BEGIN

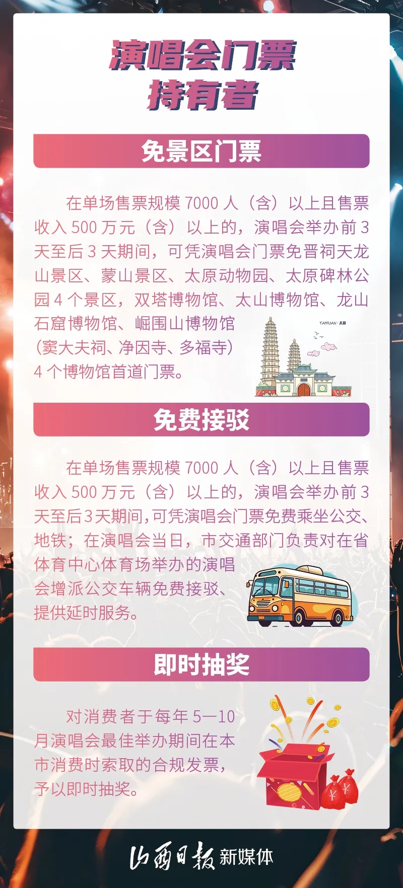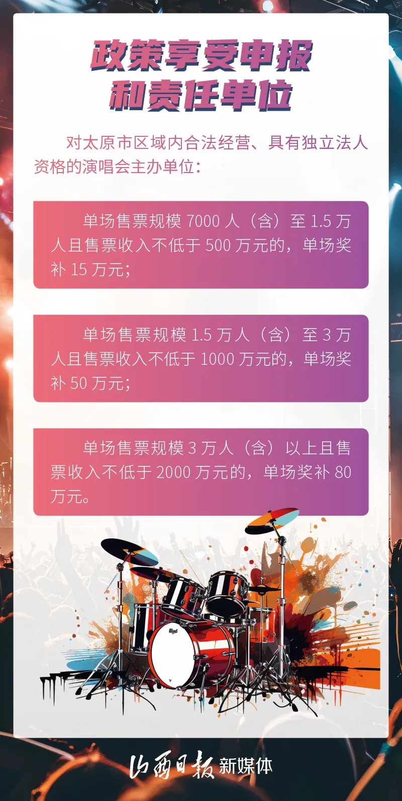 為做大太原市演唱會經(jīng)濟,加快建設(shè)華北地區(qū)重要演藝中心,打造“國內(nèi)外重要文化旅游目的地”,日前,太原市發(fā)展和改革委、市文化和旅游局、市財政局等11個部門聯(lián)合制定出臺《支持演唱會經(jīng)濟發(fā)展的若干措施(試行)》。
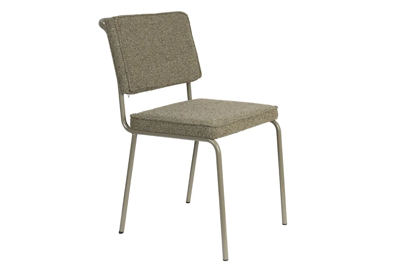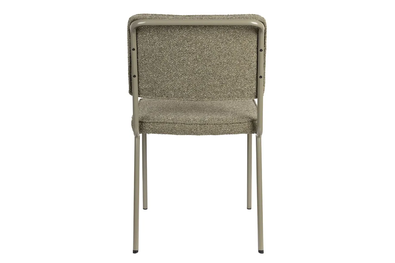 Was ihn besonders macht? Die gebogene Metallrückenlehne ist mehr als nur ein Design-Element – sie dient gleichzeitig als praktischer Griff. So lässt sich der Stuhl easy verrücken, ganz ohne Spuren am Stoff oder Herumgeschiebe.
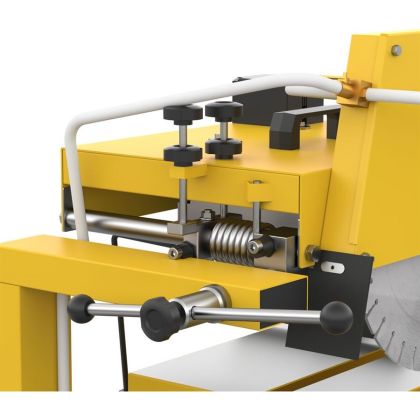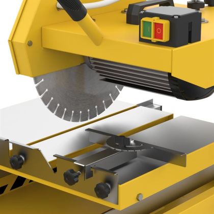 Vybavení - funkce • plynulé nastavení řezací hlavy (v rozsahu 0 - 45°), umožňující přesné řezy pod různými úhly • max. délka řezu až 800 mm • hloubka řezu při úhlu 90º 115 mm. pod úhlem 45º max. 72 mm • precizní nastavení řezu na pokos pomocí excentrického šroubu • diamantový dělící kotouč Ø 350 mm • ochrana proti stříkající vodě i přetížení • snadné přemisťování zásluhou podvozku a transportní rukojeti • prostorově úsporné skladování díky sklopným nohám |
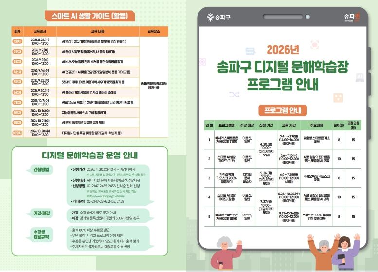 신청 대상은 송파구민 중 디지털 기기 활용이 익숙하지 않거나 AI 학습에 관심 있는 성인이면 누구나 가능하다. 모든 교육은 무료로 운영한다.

END

* _Exercise requirements_: Set down each line of the material exactly and skip every image.

* _Answer to this problem_:
 為做大太原市演唱會經(jīng)濟,加快建設(shè)華北地區(qū)重要演藝中心,打造“國內(nèi)外重要文化旅游目的地”,日前,太原市發(fā)展和改革委、市文化和旅游局、市財政局等11個部門聯(lián)合制定出臺《支持演唱會經(jīng)濟發(fā)展的若干措施(試行)》。
 Was ihn besonders macht? Die gebogene Metallrückenlehne ist mehr als nur ein Design-Element – sie dient gleichzeitig als praktischer Griff. So lässt sich der Stuhl easy verrücken, ganz ohne Spuren am Stoff oder Herumgeschiebe.
 Vybavení - funkce • plynulé nastavení řezací hlavy (v rozsahu 0 - 45°), umožňující přesné řezy pod různými úhly • max. délka řezu až 800 mm • hloubka řezu při úhlu 90º 115 mm. pod úhlem 45º max. 72 mm • precizní nastavení řezu na pokos pomocí excentrického šroubu • diamantový dělící kotouč Ø 350 mm • ochrana proti stříkající vodě i přetížení • snadné přemisťování zásluhou podvozku a transportní rukojeti • prostorově úsporné skladování díky sklopným nohám |
 신청 대상은 송파구민 중 디지털 기기 활용이 익숙하지 않거나 AI 학습에 관심 있는 성인이면 누구나 가능하다. 모든 교육은 무료로 운영한다.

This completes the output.